**Records to process:**
Segment Open

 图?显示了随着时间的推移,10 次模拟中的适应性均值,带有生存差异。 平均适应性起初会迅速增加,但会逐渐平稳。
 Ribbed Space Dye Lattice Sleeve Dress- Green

Segment Closed
Segment Open

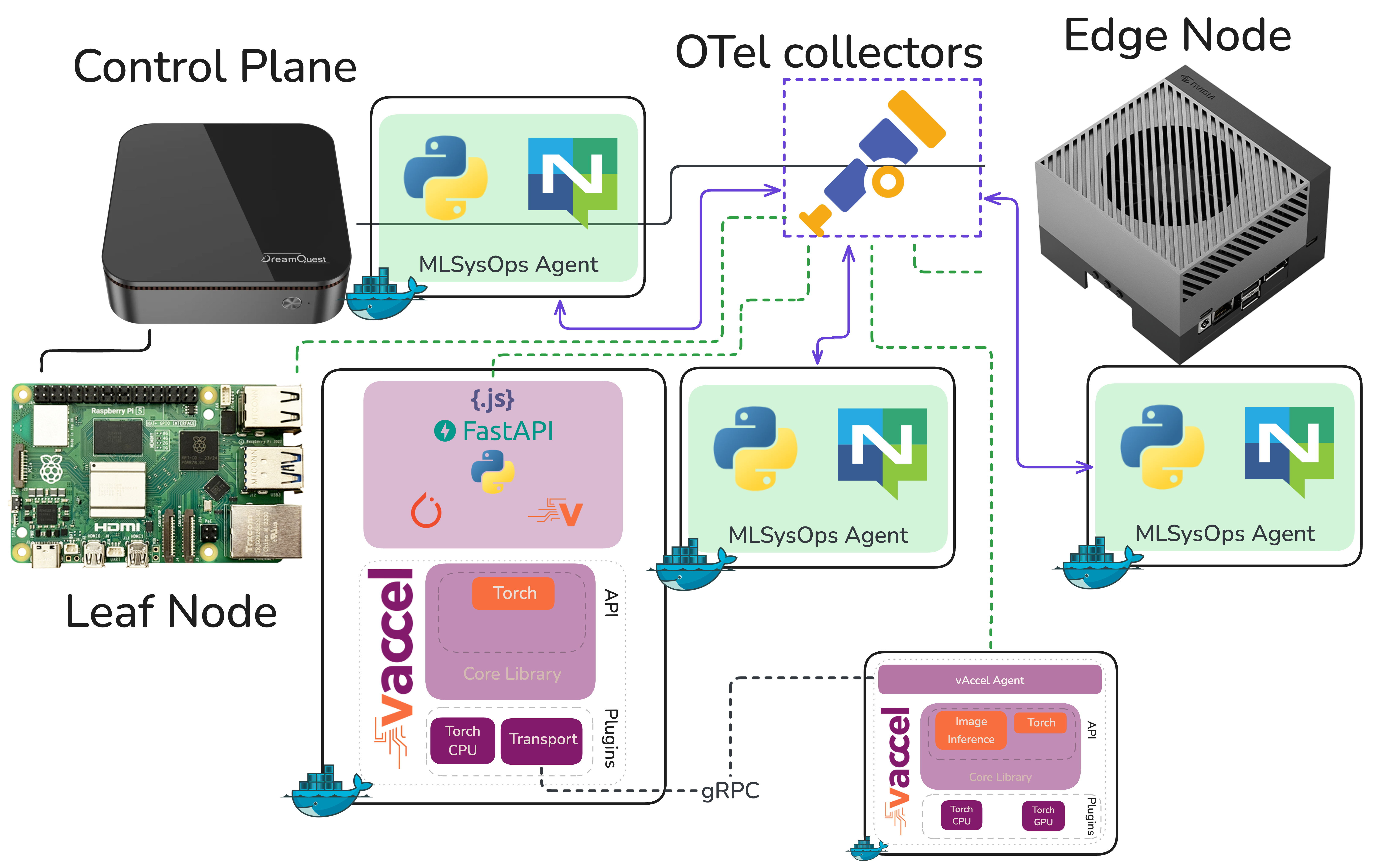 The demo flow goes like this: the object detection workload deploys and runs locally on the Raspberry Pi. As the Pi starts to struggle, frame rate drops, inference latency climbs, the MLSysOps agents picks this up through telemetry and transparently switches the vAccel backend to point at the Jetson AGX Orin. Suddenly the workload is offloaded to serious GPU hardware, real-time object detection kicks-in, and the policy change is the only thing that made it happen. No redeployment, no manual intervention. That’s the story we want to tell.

Segment Closed

**Description of the task:**
Output only an exact transcription of the lines above from the one with "图?显示了随着时间的推移,10 次模拟中的适应性均值,带有生存差异。 平均适应性起初会迅速增加,但会逐渐平稳。" up to and including the one with "Ribbed Space Dye Lattice Sleeve Dress- Green".

**Response area:**
 图?显示了随着时间的推移,10 次模拟中的适应性均值,带有生存差异。 平均适应性起初会迅速增加,但会逐渐平稳。
 Ribbed Space Dye Lattice Sleeve Dress- Green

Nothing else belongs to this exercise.